Information is data that is processed, interpreted, organized, structured, and presented to make it meaningful. Information is any documented representation of knowledge, such as facts, data, data assets, records, or decisions in any medium or form. Information is data with relevance and purpose.
What is a Data Asset?
An asset is described as a resource that has value that an organization either owns or is in control of. Like other organizational assets, data has value that can be leveraged. The value that can be derived from data can increase or decrease depending on how effectively it is managed. Data assets increase their value by ensuring that the data contained within them is of high quality, easily accessible, shared when possible, and efficiently managed and governed.
A data asset is defined as a named collection of related data elements that is formally managed as a single unit. They may be a collection of facts represented as text, numbers, graphics, images, sound, or video, and are the raw material from which information can be derived and decisions can be made.
Within organizations, data assets can come from a variety of providers, including internally, and if relevant, from external partners. For example, an external partner can be another group or organization that acts as a data provider, such as Home and Community Care Support Services (HCCSS) providing data to an agency that is conducting data analysis.

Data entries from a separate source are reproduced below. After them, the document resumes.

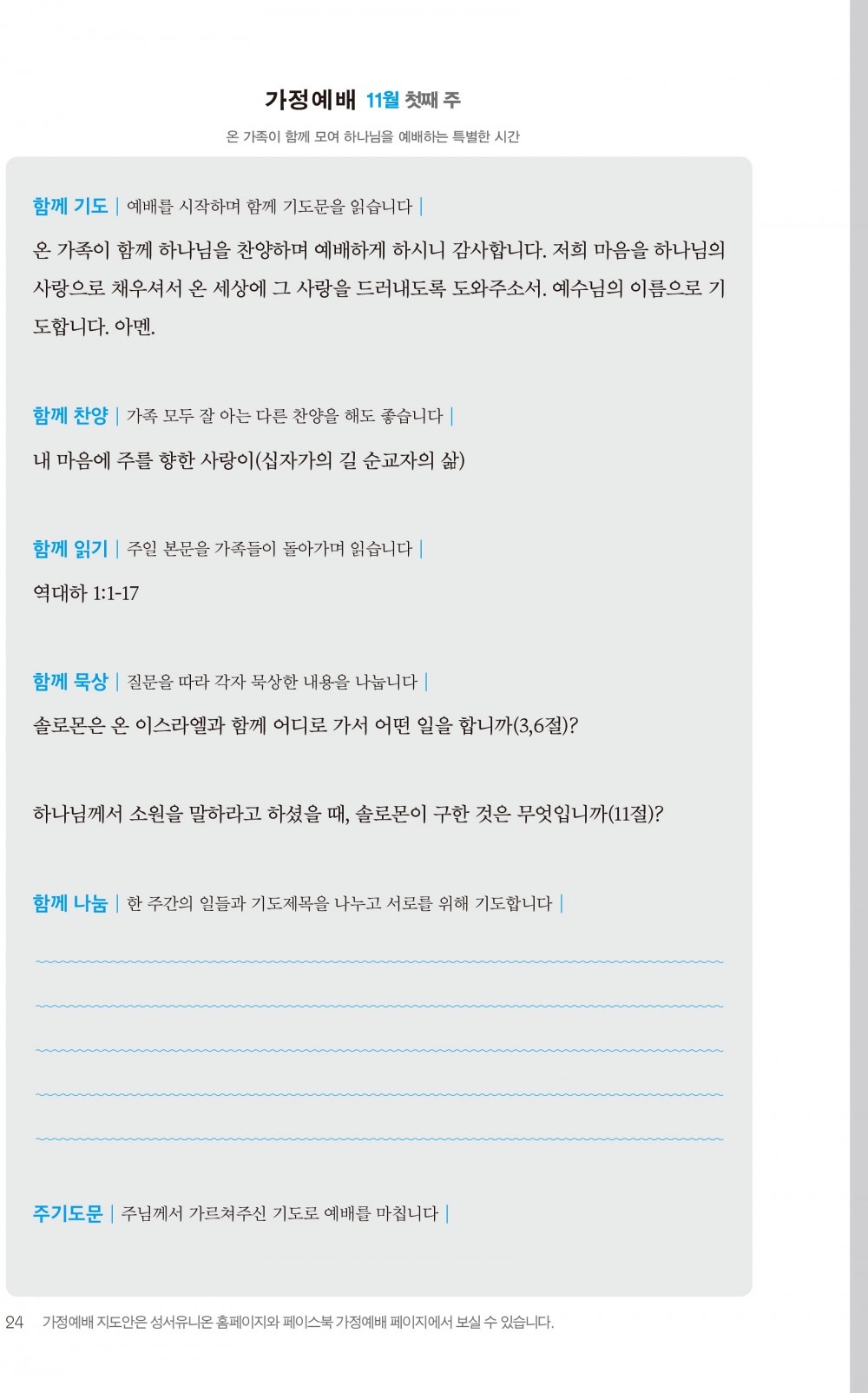 2) 순서지의 내용을 따라 가정예배를 드립니다.
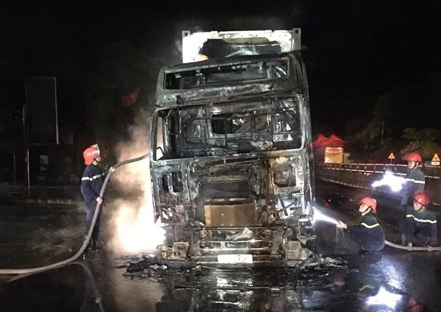 Xe đầu kéo cháy trơ khung trên QL 1A
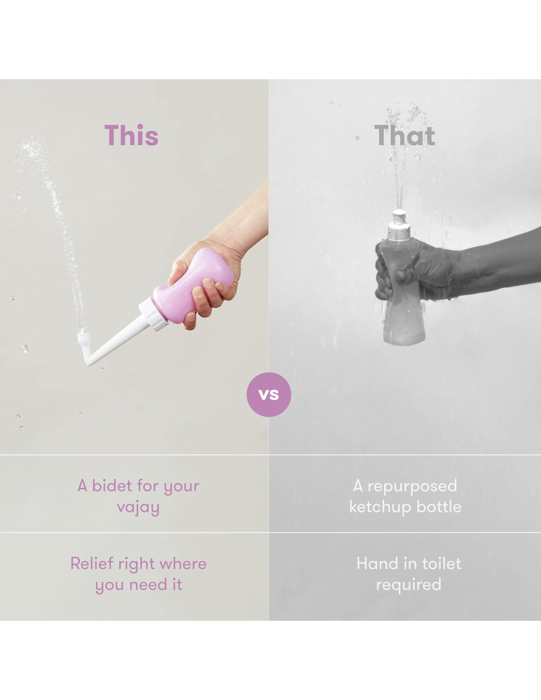 - BIDET PORTÁTIL: Úsalo durante el postparto, períodos menstruales o como un bidet portátil diario. Capacidad de 10 oz (295,74 ml).
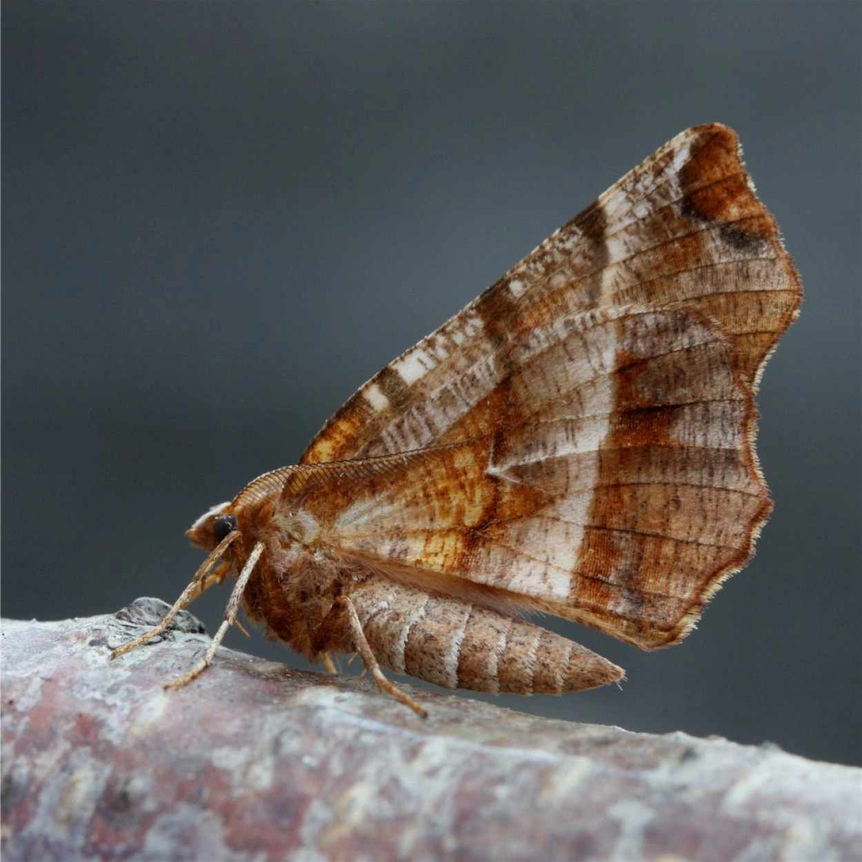 Het lindeherculesje (S. lunularia) en de halvemaanvlinder (S. tetralunaria) rusten met halfopen gehouden vleugels.
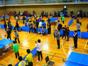 芹田地区内の各区公民館対抗戦の卓球大会を開催しました。
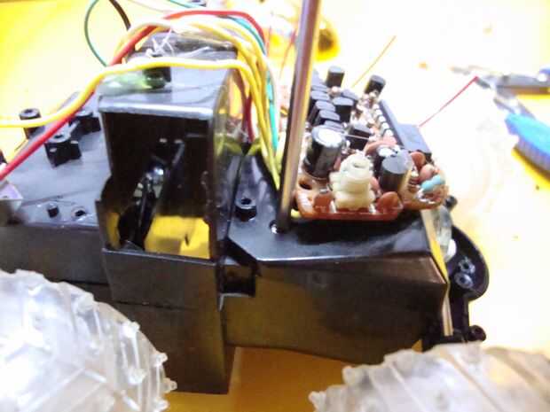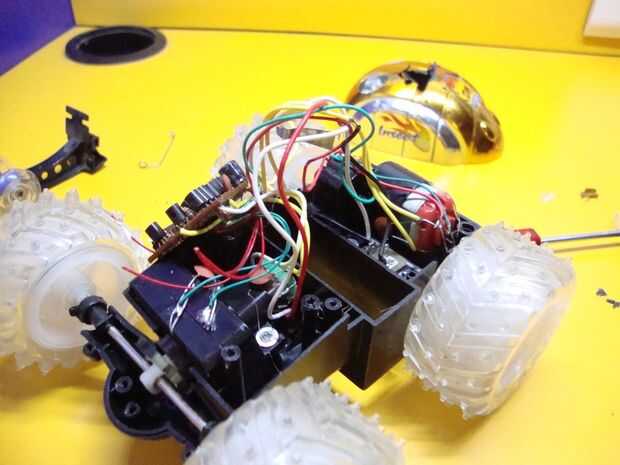 Después de quitar la cubierta Desenroscar el chip del cuerpo y abrir el cuerpo principal del vehículo. Al abrir, encontrará los principales entresijos del coche rc. Si observas con cuidado, usted podrá comprender fácilmente el funcionamiento del coche.
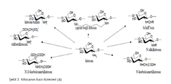 Kitosan Türevleri: Kitosanın sahip olduğu çoklu nükleofilik yapısı özellikle sentez çalışan organik kimyacıların dikkatini çekmiştir. Kitosan primer amin grubunun ve primer ve sekonder hidroksil gruplarının reaktivitesi nedeniyle kolayca türevlendirilebilmektedir. N-alkil kitosan, N-karboksi alkil (aril) kitosan, N-karboksiasil kitosan, O-karboksialkil kitosan, şeker türevleri ve metal iyon şelatları kitosan türevlerinden bazılarıdır (Şekil 2).
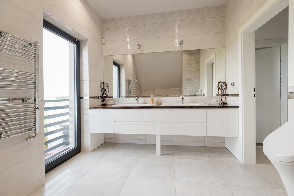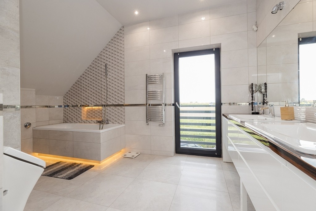 - Łazienka główna – przestronna i jasna, z dużym oknem od strony południowej, wyposażona w wannę, pisuar oraz WC. Znajdują się w niej również funkcjonalne dwie umywalki z zabudowanym blatem oraz pojemne meble do przechowywania. Elegancki charakter wnętrza podkreśla duże lustro na całą szerokość ściany, które optycznie powiększa przestrzeń. Komfort użytkowania zwiększa ogrzewanie podłogowe.
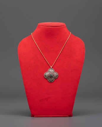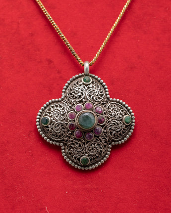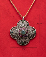 This exquisite handmade filigree silver locket showcases the elegant artistry of traditional metalwork, featuring an ornate quatrefoil design that symbolizes good fortune and spiritual protection. The intricate filigree patterns are meticulously crafted by skilled artisans, creating delicate scrollwork and botanical motifs that dance across the silver surface. At the heart of this stunning pendant lies a mesmerizing arrangement of artificial panna (emerald) and ruby stones, with a central emerald surrounded by six ruby gems that create a captivating floral mandala. The gold-plated accents highlight the finest details of the filigree work, while tiny pearl-like beading around the perimeter adds an elegant finishing touch to this heirloom-quality piece.
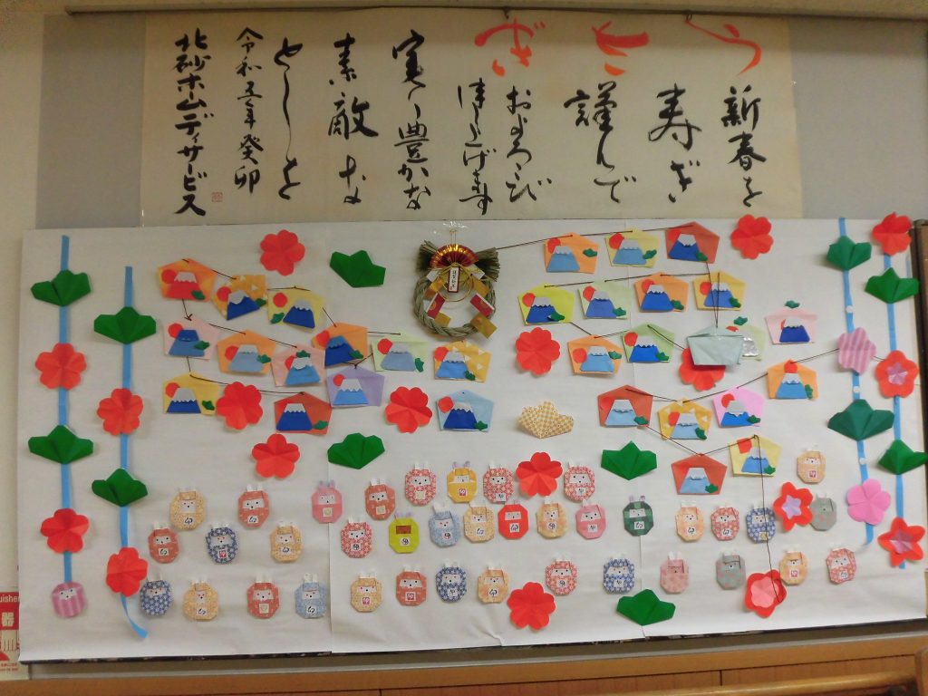 令和5年の壁画作り開始です。折り紙を、折ったり・切ったり・貼ったりで完成です。
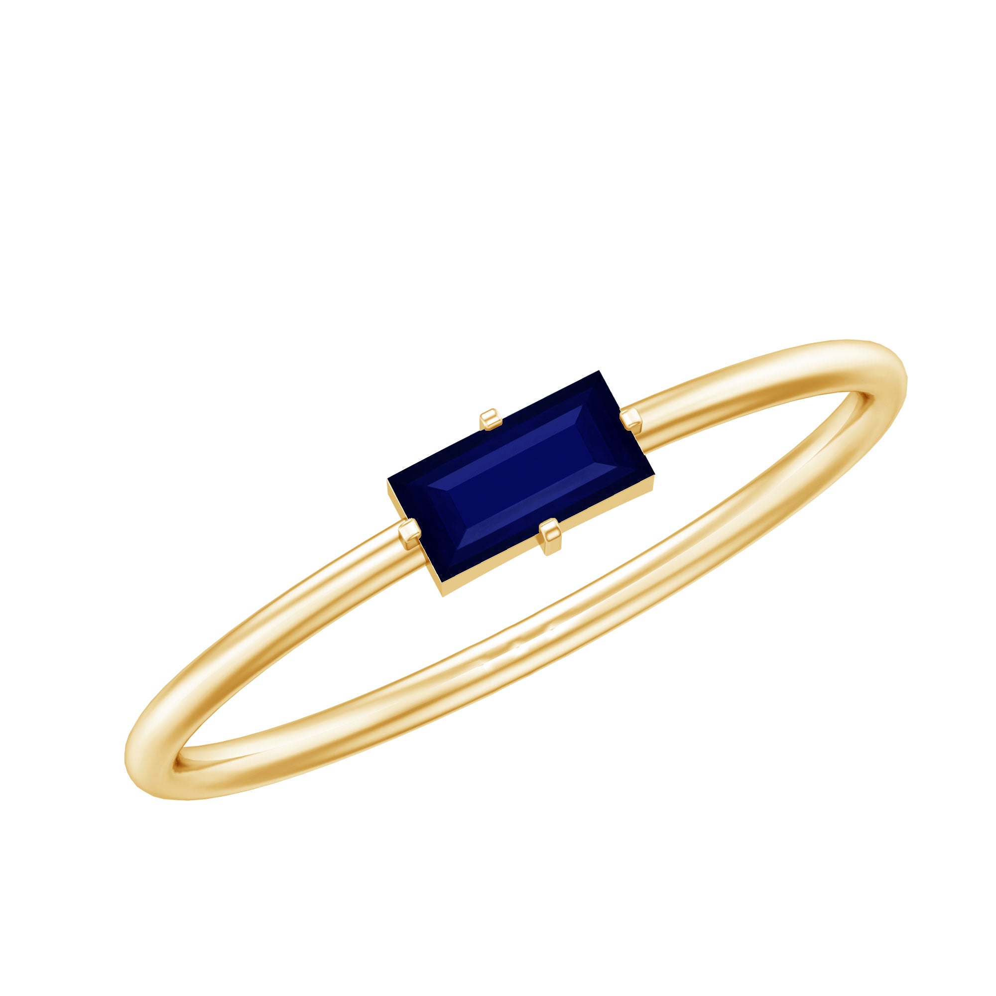 2.5X5 MM Baguette Cut Blue Sapphire Solitaire Ring in 4 Prong Diagonal Setting
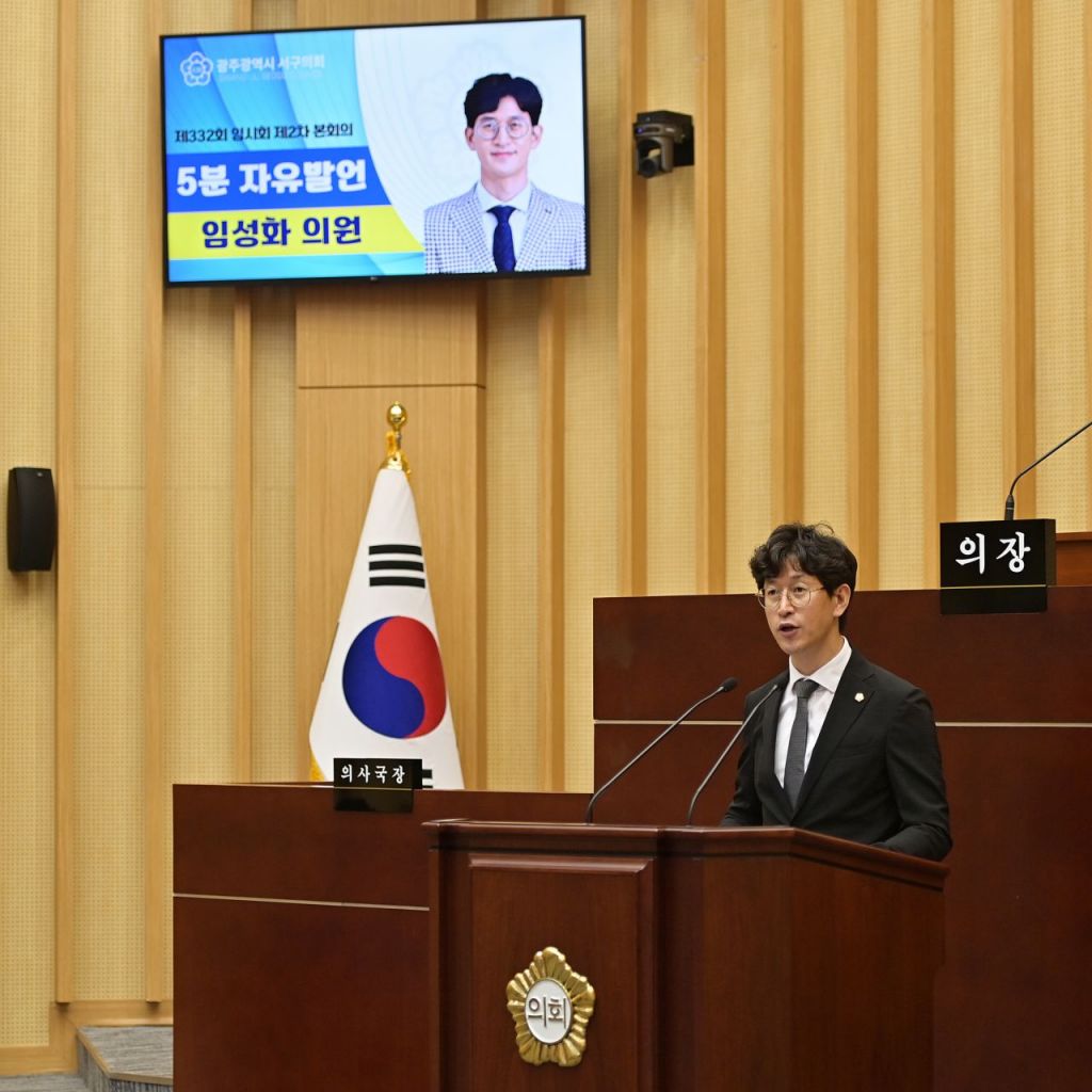 임성화 광주 서구의원이 최근 제332회 임시회 제2차 본회의에서 '5분 자유발언'을 하고 있다. 임성화 의원실 제공
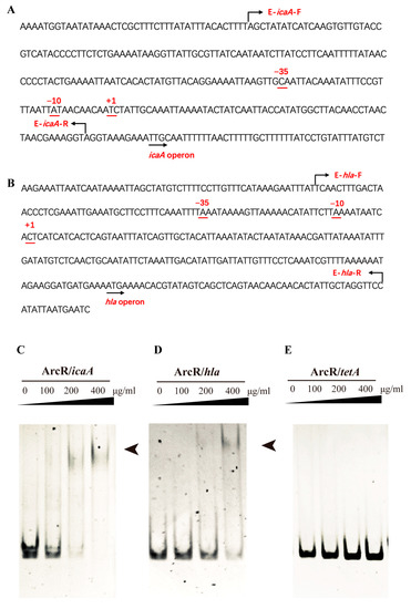 ArcR regulated the expression of the ica operon and hla by directly binding to their promoter regions. The promoter sequence of the icaA and hla and the locations of the probes were marked by arrows (A,B). The interactions between ArcR and the DNA fragments of their promoter regions were detected with EMSA. ArcR was incubated with the ica promoter region (C), ArcR was incubated with the hla promoter region (D), and ArcR was incubated with the tetA promoter region (E) at 37 °C for 30 min. The mixtures were electrophoresed on 8% native polyacrylamide gels and the bands were imaged under UV light after EB staining.
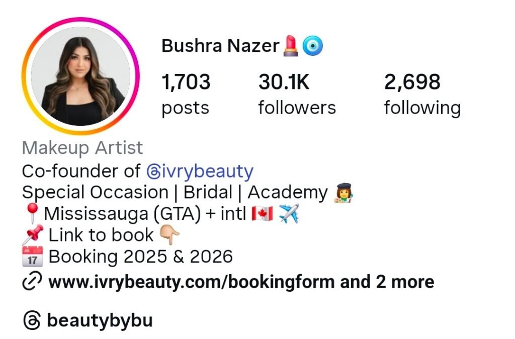 BeautybyBu, led by Bushra, is well known among Brampton brides for providing a variety of bridal beauty services, including mehndi for wedding events.
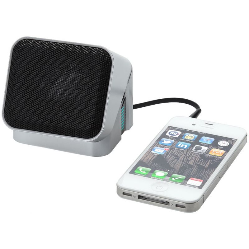MiniCube repro. S modrou LED pro indikaci napětí. Otočný o 180°, fungující na 3x AAA baterie, nejsou součástí, nebo USB dobíjení (kabel přiložen).
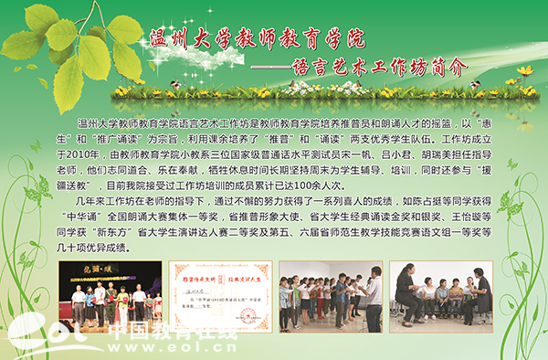 结合学科竞赛与专业活动打造的“师生专业工作坊”,也是温大小宝影院 师范生实践教育的一张金名片。语言、书法、演讲、文学创编、儿童剧社等师生专业工作坊既培养了学生兴趣爱好和健康个性,又充分体现了“师生专业学习共同体”育人自育的特点。
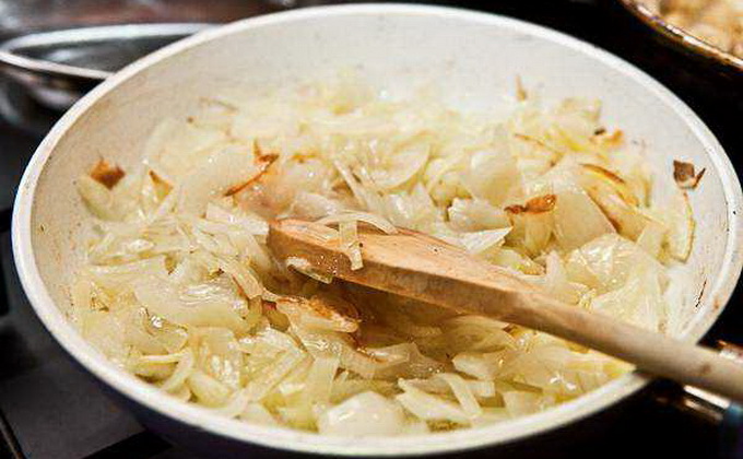 Pendant que l'eau s'égoutte, épluchez les oignons, coupez-les en cubes et faites-les frire dans l'huile végétale jusqu'à ce qu'ils soient tendres.
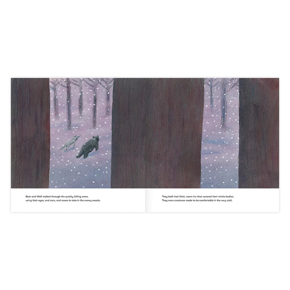 Bear and Wolf become unlikely companions one winter's evening when they discover each other out walking in the falling snow; they are young and curious, slipping easily into friendship as they amble along together, seeing new details in the snowy forest.
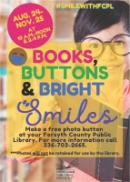 Come into any FCPL Branch and show us your smiling face. As part of "Books, Buttons and Bright Smiles," the library will take your picture and mail you a button within seven to 10 working days. You can wear your button in the library or anywhere else you go. It's our way of making the community look a little friendlier.
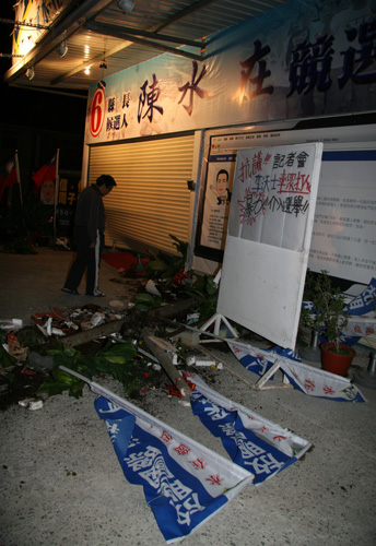 金門縣長候選人陳水在競選總部,29日深夜遭另一位縣長候選人許敬民駕駛宣傳車沖撞,現場一片狼籍,幸無人受傷。許敬民被警方逮捕漏夜偵訊。 臺灣“中央社”圖
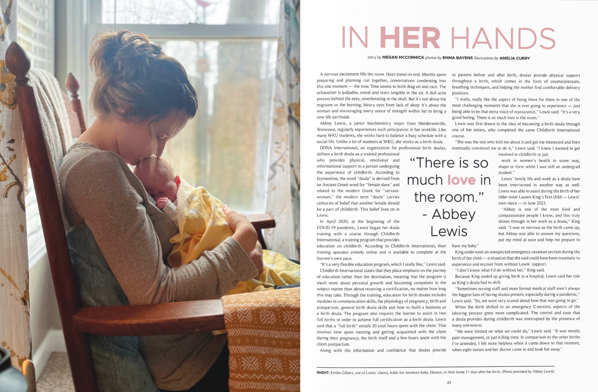 The following story, "In Her Hands," was published in Issue 11 of WKU's Talisman Magazine.

Data and data assets are the cornerstones that enable the creation of analytical insights. Data is a strategic asset to any organization, requiring a coordinated approach to management through the development and execution of authorities, accountabilities, and controls to ensure consistent practices that are effective and efficient.
For example, many organizations will have policies and procedures related to the collection, retention, and destruction of data, which must be adhered to, or else they risk being fined by various agencies. According to the Government of Canada Office of the Privacy Commissioner (2014):
Principle 5 of the Personal Information Protection and Electronic Documents Act (PIPEDA) states that “personal information that is no longer required to fulfill the identified purposes should be destroyed, erased, or made anonymous. Organizations shall develop guidelines and implement procedures to govern the destruction of personal information.” (para. 3)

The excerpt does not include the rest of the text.